[WHAT THE TASK REQUIRES]
Give back exactly the lines starting at the one with "- First Edition" and ending at the last line of the data below. Pictures are not part of the copy.

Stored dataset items
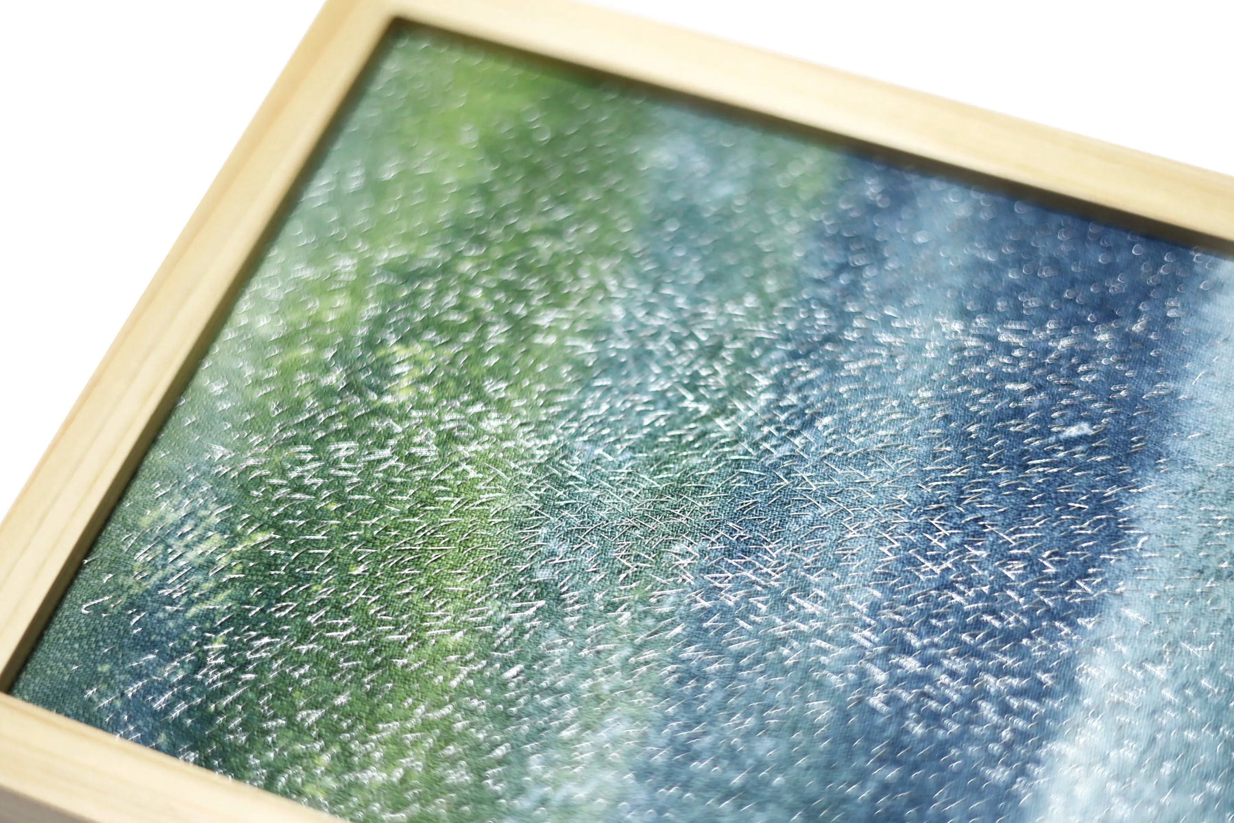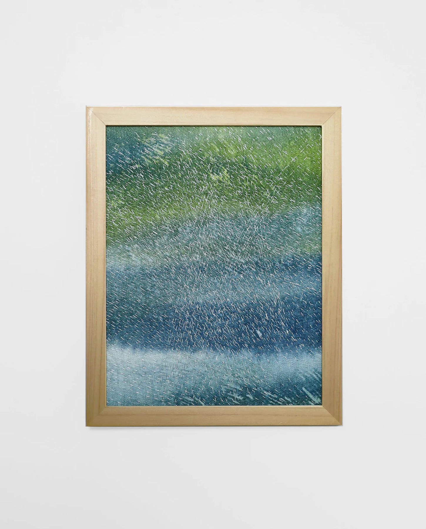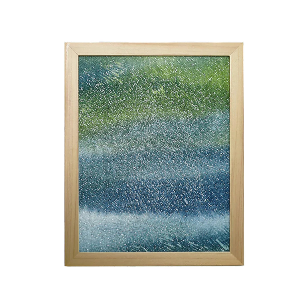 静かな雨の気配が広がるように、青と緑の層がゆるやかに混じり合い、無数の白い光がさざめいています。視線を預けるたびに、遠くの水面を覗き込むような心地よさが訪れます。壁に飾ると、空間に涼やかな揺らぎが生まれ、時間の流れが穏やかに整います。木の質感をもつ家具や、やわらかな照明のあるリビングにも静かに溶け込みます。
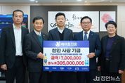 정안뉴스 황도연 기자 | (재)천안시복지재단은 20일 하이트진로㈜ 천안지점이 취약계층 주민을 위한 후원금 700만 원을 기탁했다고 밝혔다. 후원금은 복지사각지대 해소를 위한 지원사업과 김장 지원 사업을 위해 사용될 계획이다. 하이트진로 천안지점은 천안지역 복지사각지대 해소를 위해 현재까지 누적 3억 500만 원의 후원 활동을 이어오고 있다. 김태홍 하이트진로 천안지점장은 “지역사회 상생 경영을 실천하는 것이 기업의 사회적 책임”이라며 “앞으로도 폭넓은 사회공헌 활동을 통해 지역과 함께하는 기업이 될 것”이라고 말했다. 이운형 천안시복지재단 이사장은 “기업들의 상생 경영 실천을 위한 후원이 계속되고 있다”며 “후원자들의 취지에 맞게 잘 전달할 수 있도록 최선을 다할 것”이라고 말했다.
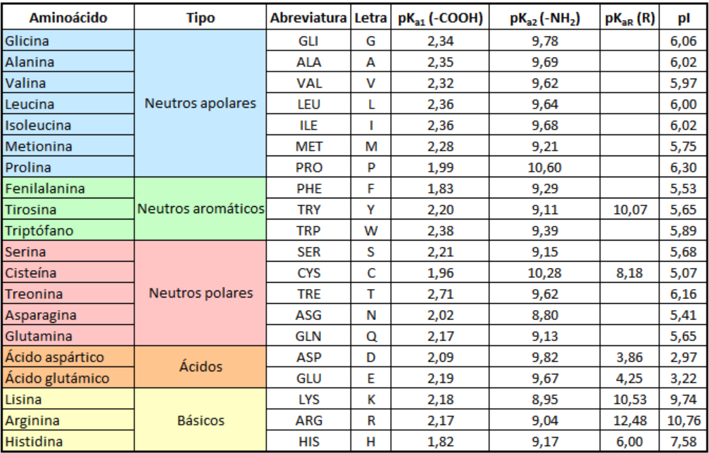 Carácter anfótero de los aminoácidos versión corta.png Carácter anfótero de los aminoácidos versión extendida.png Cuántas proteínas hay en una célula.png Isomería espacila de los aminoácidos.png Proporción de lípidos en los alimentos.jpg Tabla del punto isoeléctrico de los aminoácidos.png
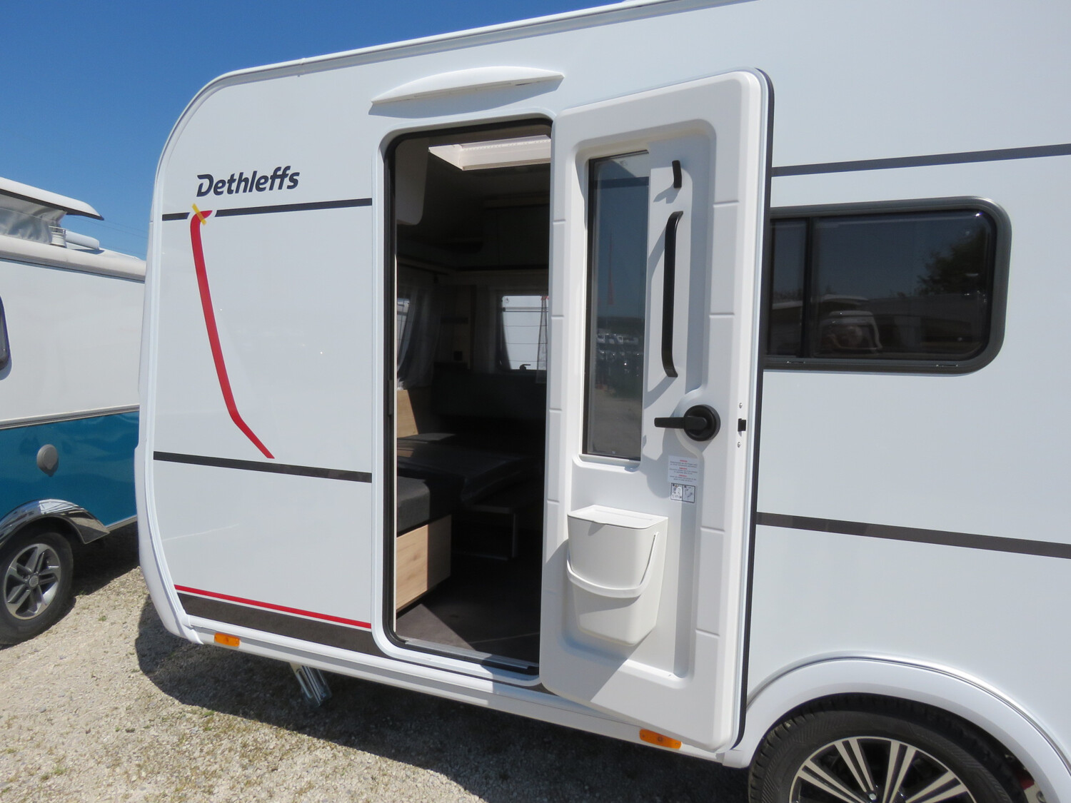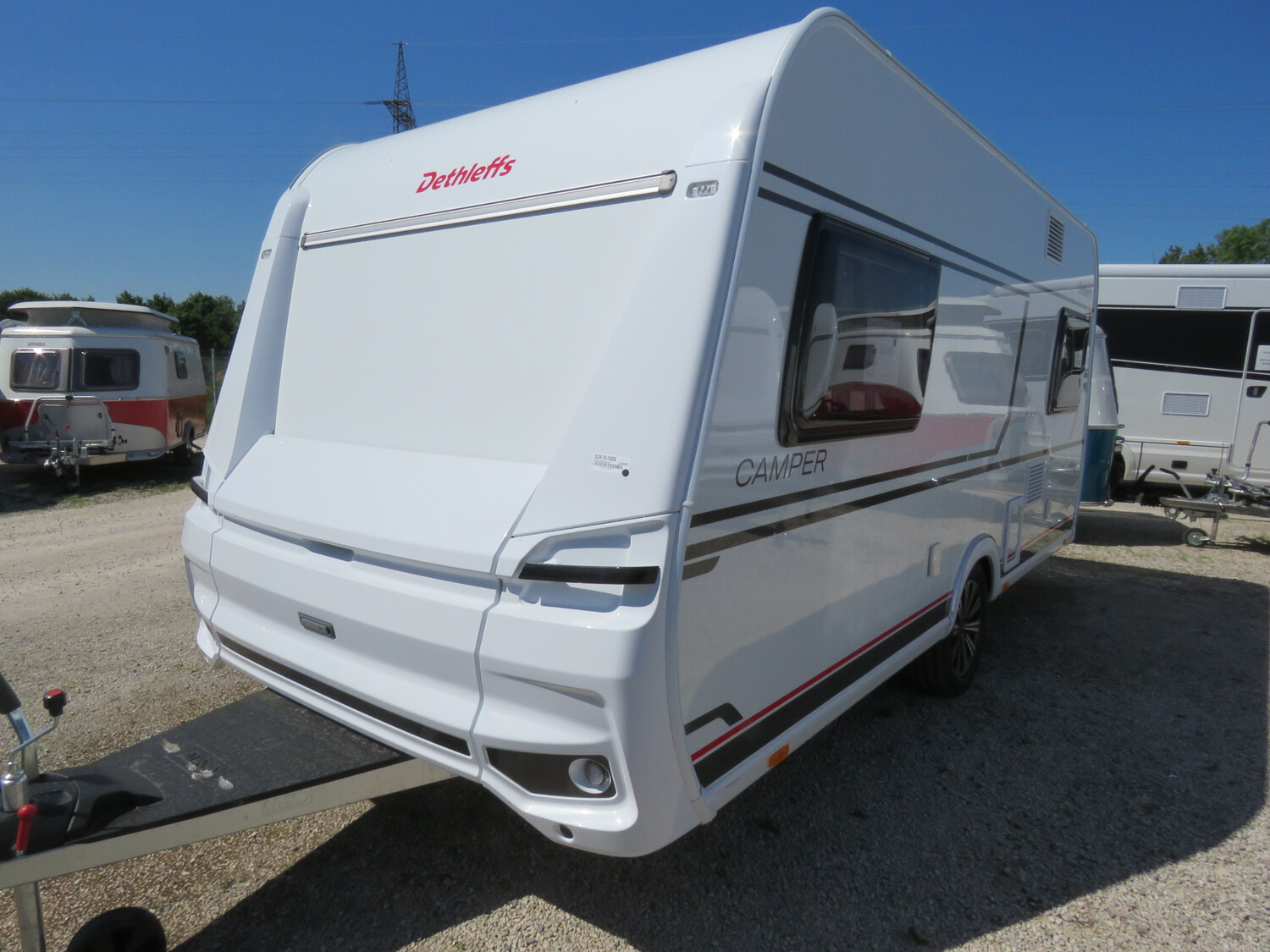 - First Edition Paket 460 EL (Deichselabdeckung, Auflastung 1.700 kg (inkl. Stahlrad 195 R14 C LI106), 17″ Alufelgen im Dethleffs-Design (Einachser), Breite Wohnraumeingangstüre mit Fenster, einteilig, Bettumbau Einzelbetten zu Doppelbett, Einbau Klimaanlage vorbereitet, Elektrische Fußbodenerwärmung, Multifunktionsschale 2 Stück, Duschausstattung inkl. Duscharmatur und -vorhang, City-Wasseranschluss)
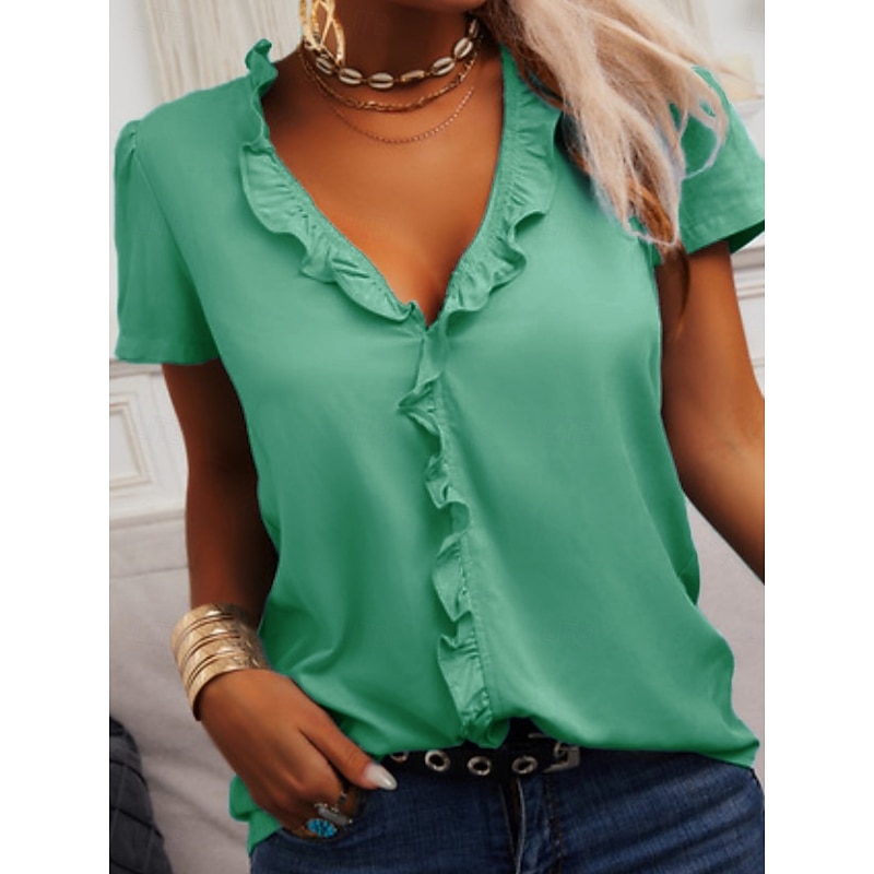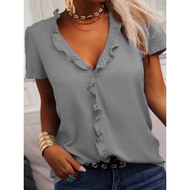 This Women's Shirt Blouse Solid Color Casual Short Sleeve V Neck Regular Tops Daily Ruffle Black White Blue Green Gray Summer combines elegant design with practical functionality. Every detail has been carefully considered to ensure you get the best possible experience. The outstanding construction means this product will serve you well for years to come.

[ANSWER SECTION]
 - First Edition Paket 460 EL (Deichselabdeckung, Auflastung 1.700 kg (inkl. Stahlrad 195 R14 C LI106), 17″ Alufelgen im Dethleffs-Design (Einachser), Breite Wohnraumeingangstüre mit Fenster, einteilig, Bettumbau Einzelbetten zu Doppelbett, Einbau Klimaanlage vorbereitet, Elektrische Fußbodenerwärmung, Multifunktionsschale 2 Stück, Duschausstattung inkl. Duscharmatur und -vorhang, City-Wasseranschluss)
 This Women's Shirt Blouse Solid Color Casual Short Sleeve V Neck Regular Tops Daily Ruffle Black White Blue Green Gray Summer combines elegant design with practical functionality. Every detail has been carefully considered to ensure you get the best possible experience. The outstanding construction means this product will serve you well for years to come.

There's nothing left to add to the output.